Practicing inclusivity with new media : young people, digital technology and democratic cultural participation.
This thesis describes and explores the development of forms of cultural participation, using
photography and digital imaging, with young people in informal contexts. The process has been one
of action research, within which groups of young people have developed distinct forms of cultural
participation with the researcher over a sustained period. Workshops have been conducted over a
three year period with young people in the indoor markets at Birmingham's Bull Ring and with a group
of young people based at a lesbian, gay and bisexual youth group. The later group directed the
construction of, and made images for, a web site entitled Young, Queer and Safe? This work, along
with pilot studies, has informed the development of the research and the focus of this thesis. As such
this thesis seeks to represent the experiences of young people who have been overlooked in
previous research in the field.
Previous research in this field has focussed on the experiences of young people with privileged
access to digital technology at home or through formal education. Such research has informed the
prevalent vision of young people as engaged with, and by, new media and posits the idea that all
young people are competent users of digital technology. This ignores the experiences of many
young people.

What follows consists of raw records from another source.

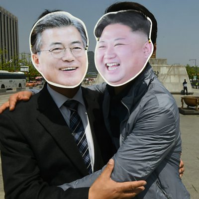 North Korean leader Kim Jong-un meets South Korean leader Moon Jae-in. It is only the third time leaders from the two nations have ever met. The countries have remained divided since the end of the Korean War and tensions have been high in recent years. Since the beginning of this year however, it seems the winds of change are blowing. ÃÛÑ¿´«Ã½ Minute looks back on key moments that have led to this historic summit. (Photo: Korean demonstrators wear masks of Kim Jong-un and Moon Jae-in. Credit: Getty)
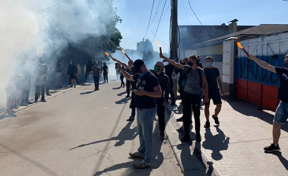 На місце події виїжджала слідчо-оперативна група та керівники Шевченківського відділу поліції. За адресою поліцейські виявили розмальований паркан домоволодіння та двох потерпілих чоловіків – у віці 22 та 32 років. З тілесними ушкодженнями їх доставили до лікарні.
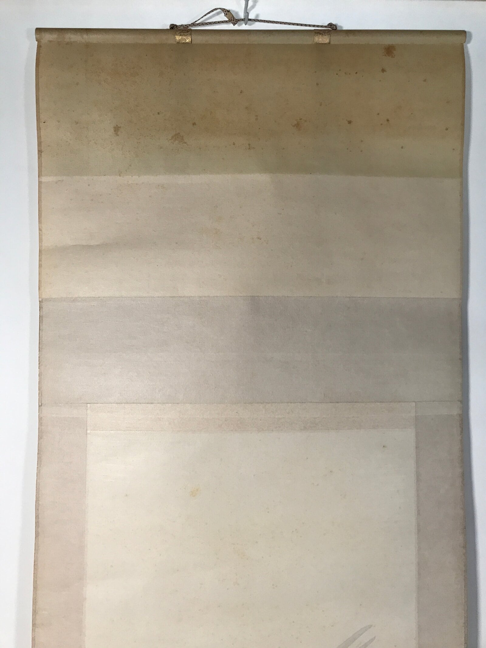 - Good condition considering its age. Stains on image. Stains on the top left of the scroll. Some creasing. Some stains on box. Wear and tear due to age. Please see the photos.
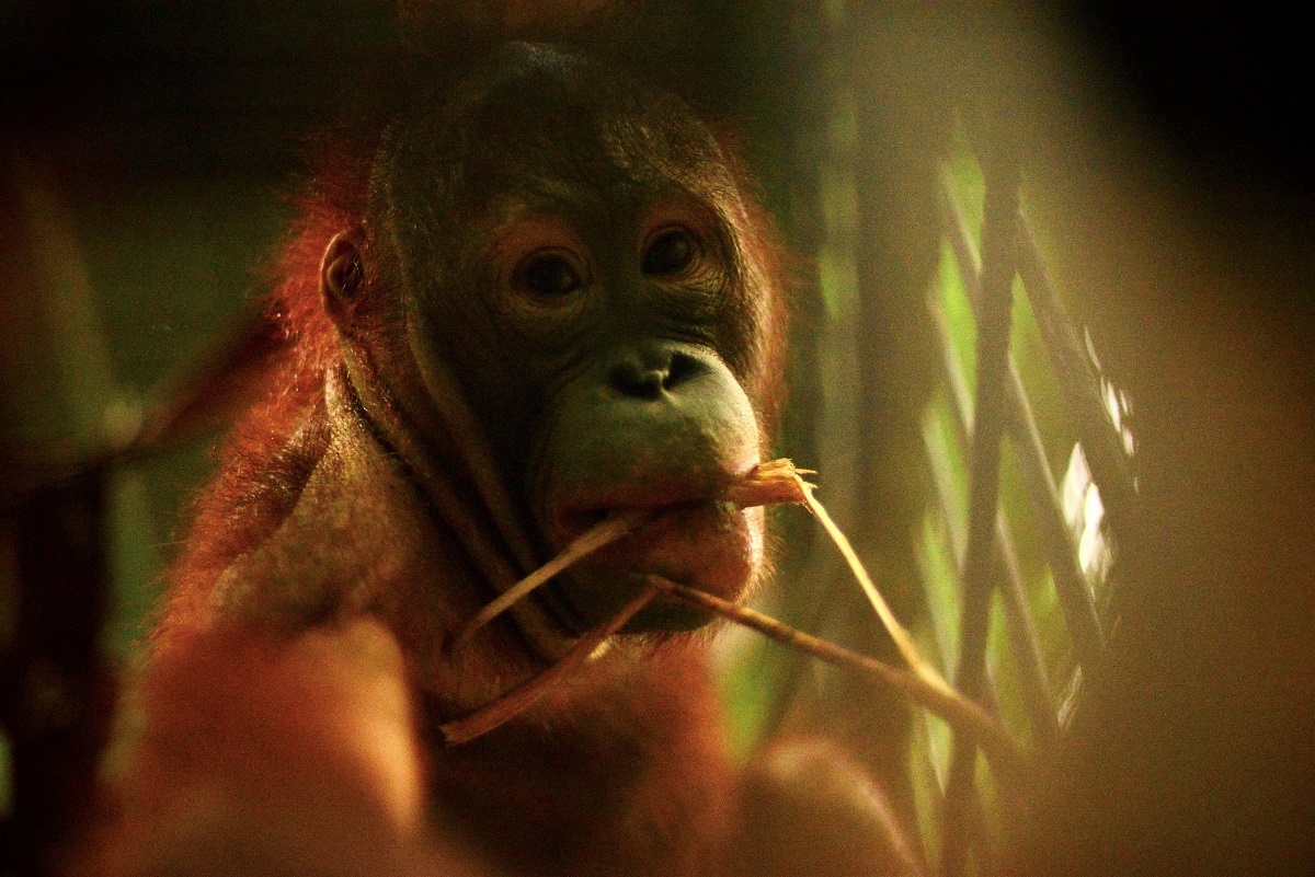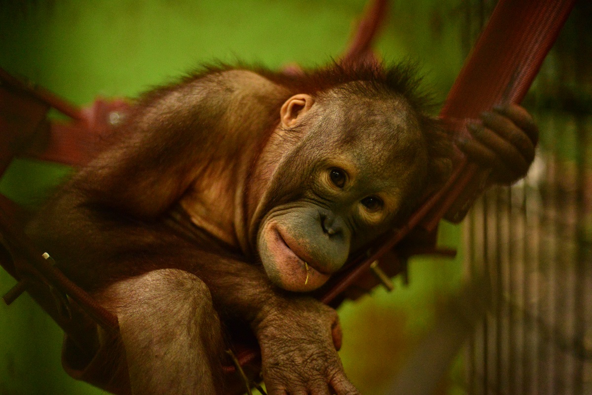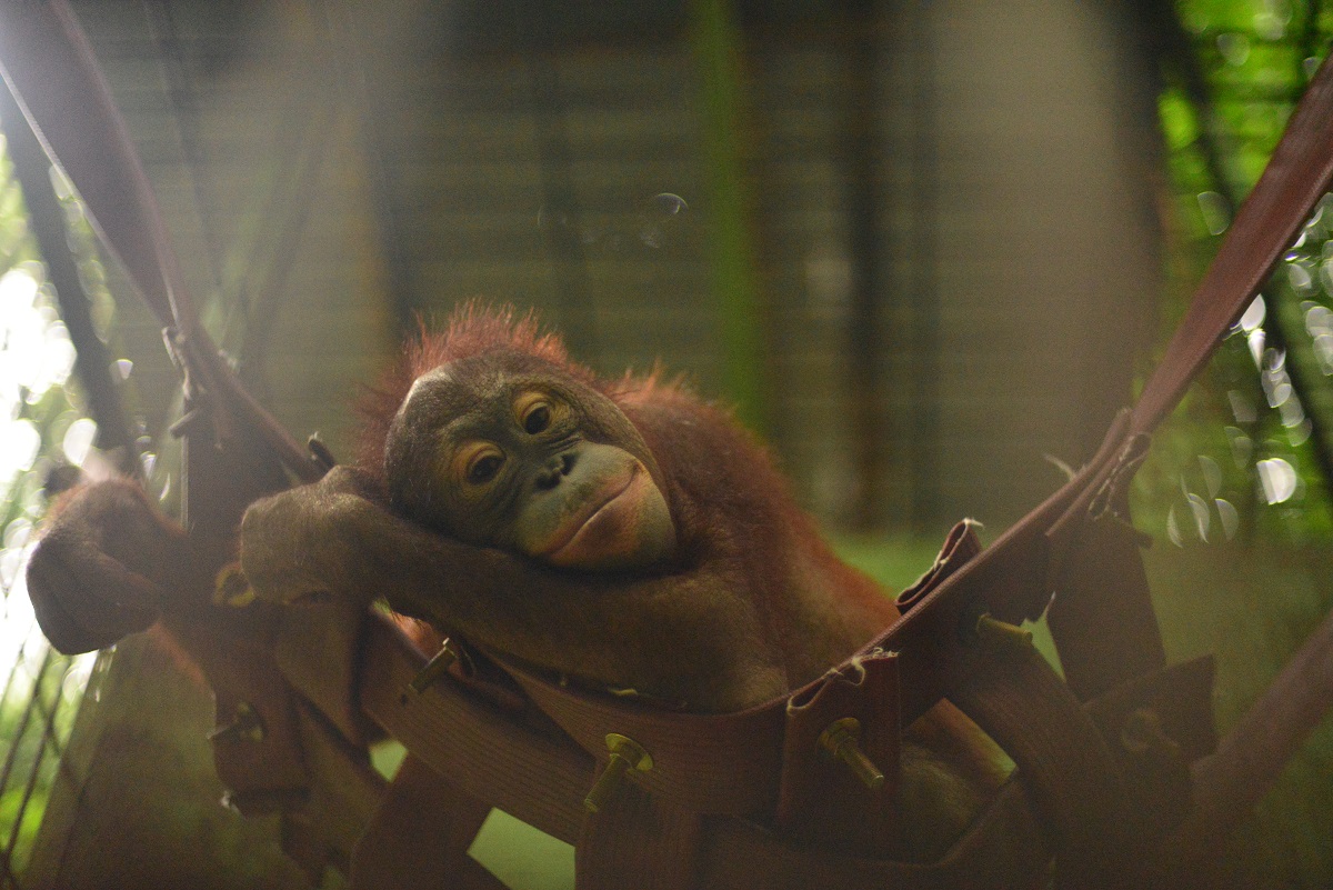 Happi shares an enclosure with three other orangutans and knows how to deal with their different personalities. He will often keep a safe distance from the others to avoid any disagreements over things like food! Happi prefers to observe the other orangutans from up high in his comfortable hammock. Happi has a knack for observing and adapting to new locations. Every time he goes to Jungle School, he is able to explore new areas that he has not visited previously. He is always looking around carefully to see what he can eat or use. Happi has been observed drinking water from a hold in a tree which is an excellent forest skill to have. He will sometimes carry a branch of young leaves around to snack on as he travels around the forest.

This thesis is not a critique of the ideology which clusters around young people, digital
technology and education, but an attempt to undercut it through research with young people who
have not necessarily had such access as would enable them to identify skills in digital technology
This research has shown that:
1 Young people's priorities in cultural participation should not be assumed.
2 Young people's different agendas are significant, and can be made explicit in spaces where
traditional social, age, and cultural hierarchies are less pervasive.
3 The representation of different agendas through cultural production is significant to wider
cultural understandings of young people's diverse contemporary experiences.
4 Different ways of making, as well as differences in focus for production, are significant to the
pursuit of democratic cultural practice.
5 When outcomes are diverse and transient, as has been the case within this research,
traditional forms of classification collapse, problematising the way we consider those
The research has developed an inclusive pedagogic practice which is significant to formal education,
community arts practice, and, contemporary research methodologies.